Es gibt nur eine Unterscheidung zwischen TwinCAT Versionen für CE und allen anderen TC Versionen denn es gibt keine spezielle Version für Embedded von TC. Was Beckhoff aber macht ist auf den Embedded Rechner zusammen mit dem Betriebsystem eine bestimmte TC Version vorinstallieren.


----------



## trinitaucher (14 Juli 2011)

SPSDAU schrieb:


> Du musst die Links schon genauer lesen, da steht PTP bzw. NC-I was immer auch PLC beinhaltet.


Die aufgeführten Level sind die maximalen Level. Wenn dort NCi steht, heißt es nicht, dass immer NCi freigegeben ist. Der Level wird nämlich in der CX-Hardware festgelegt. Hat man PLC bestellt, will aber NCi, muss man es drüber installieren und braucht einen Lizenz-Key.

Ich arbeite seit Jahren mit CXen (XPemb.) und noch keiner hatte ne Vollversion drauf. ... das ist Fakt!


----------



## SPSDAU (14 Juli 2011)

SPSDAU schrieb:


> Verstehe ich das richtig, Du gehst per Remote auf einen Embedded CX  Rechner und kannst dort keinen Systemmanager öffnen und damit keinen Scan machen ?



@trinitaucher

Könntest Du bitte mal darauf antworten ?


----------



## trinitaucher (14 Juli 2011)

SPSDAU schrieb:


> Verstehe ich das richtig, Du gehst per Remote auf einen Embedded CX  Rechner und kannst dort keinen Systemmanager öffnen und damit keinen Scan machen ?


Genau so ist es.
Es ist kein System Manager und kein PLC-Control drauf. Im TwinCAT-Ordner fehlen die Unterordner "IO" und "PLC".

@SPS-DAU
Wieviele CXe mit XPemb hattest du schon vor dir, wo die Vollversion ab Werk drauf war?


----------



## SPSDAU (14 Juli 2011)

gloeru schrieb:


> Du kannst einfach mal die Demo runterladen und installieren, die Registrierung entfällt, da diese bereits in der Hardware implementiert ist!
> 
> Auf Win XPe hast du eine komplette TwinCAT Umgebung zur Verfügung!
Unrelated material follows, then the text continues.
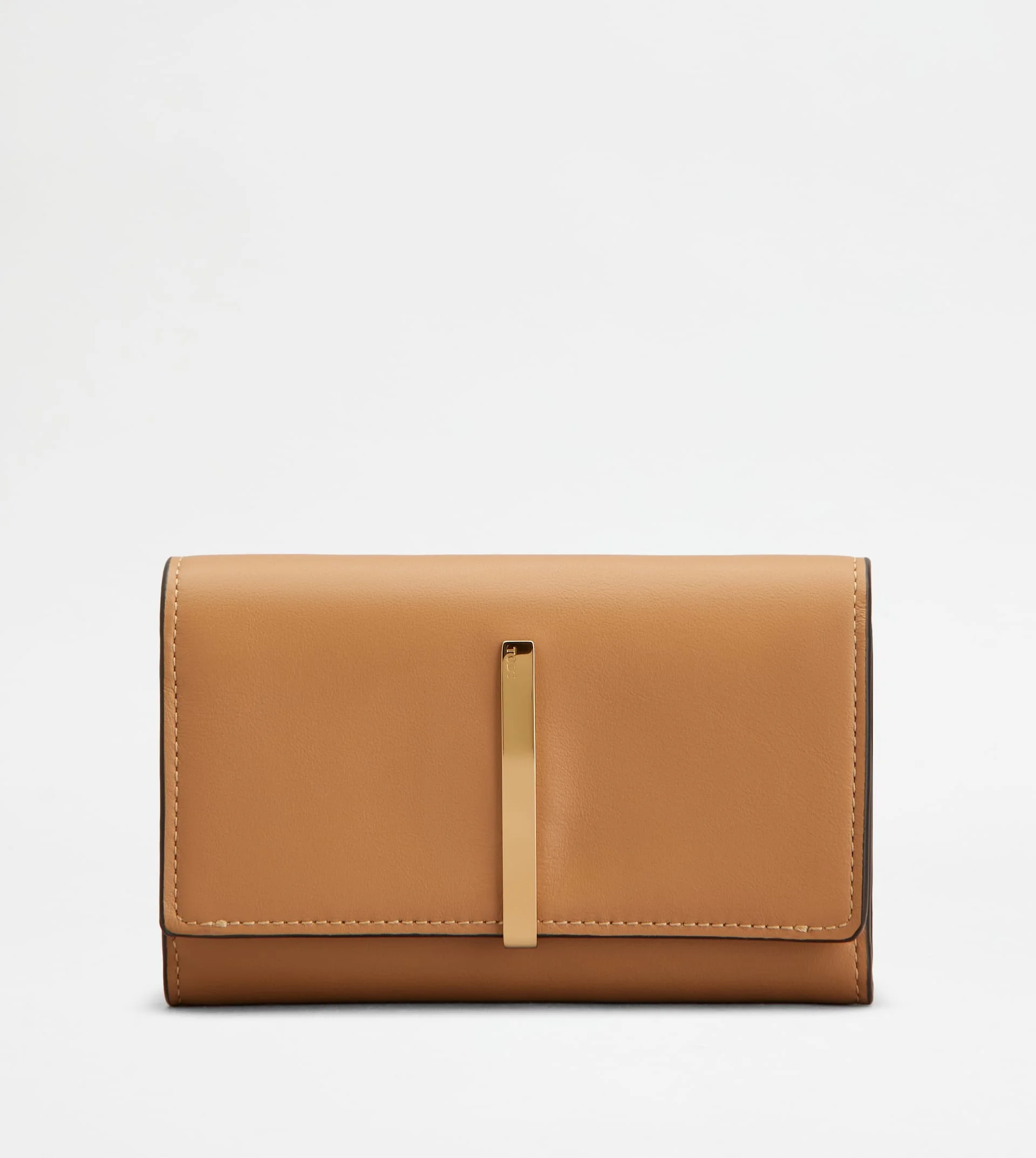 Wallet in refined calfskin leather, with branded metal bar accessory. Featuring a zipped coin pocket, it come with a compartment closed with a snap. On the inside, a banknote compartment, two flat pockets and cardslots. - Dimensions: L 5.5 ins x H 3.4 ins x D 1.2 ins - Made in Italy - Wallet in leather - Item crafted in calfskin leather - Metal bar accessory on the front - Snap closure - Calfskin leather and fabric interior - 1 zipped coin pocket - 1 banknote compartment - 2 flat pockets - 8 cardslots - Maintenance and care cards included

So jetzt habe ich nachgefragt warum es bei mir funktioniert. Bei uns wird TC nachinstalliert wie Gloeru es richtig beschreibt. (einfach die gewünschte TC Version herunter laden und auf dem CX installieren) Dies ist mit keinen Kosten verbunden!


----------



## Tyler-Durden (15 Juli 2011)

ok dann werde ich das heute auch versuchen. muss aber vorher das twincat was installiert ist (ohne PLC und system manager) deinstallieren da 1GB nicht ausreicht. hoffe das verändert nichts?


----------



## Tyler-Durden (18 Juli 2011)

leider hat es bei mir nicht funktioniert.
wollt es sinstallieren, doch dann kamm die abfrage
- 30 Tage Demo
- Reg. per Tele oder Inet
- Weitere Infos


----------



## SPSDAU (18 Juli 2011)

Hallo,

ich würde um wirklich sicher zu gehen ein neues Image drauf machen. Dazu beim Beckhoff Support melden, die geben Dir ein PW für das Image welches sich auf den ftp Server von Beckhoff befindet. Las Dir dabei gleich noch einmal bestätigen das Du TC dann selbst drüber installieren kannst.


----------



## Tyler-Durden (18 Juli 2011)

so nun ist es geschafft. also ja die lizens ist auf dem cx. habe alles nochma runter gemacht und nochmal installiert. nach mehreren lademinuten ist nun das TwinCAT vollständig drauf und ich musste zum glück kein neues image machen =) aber trotzdem danke =)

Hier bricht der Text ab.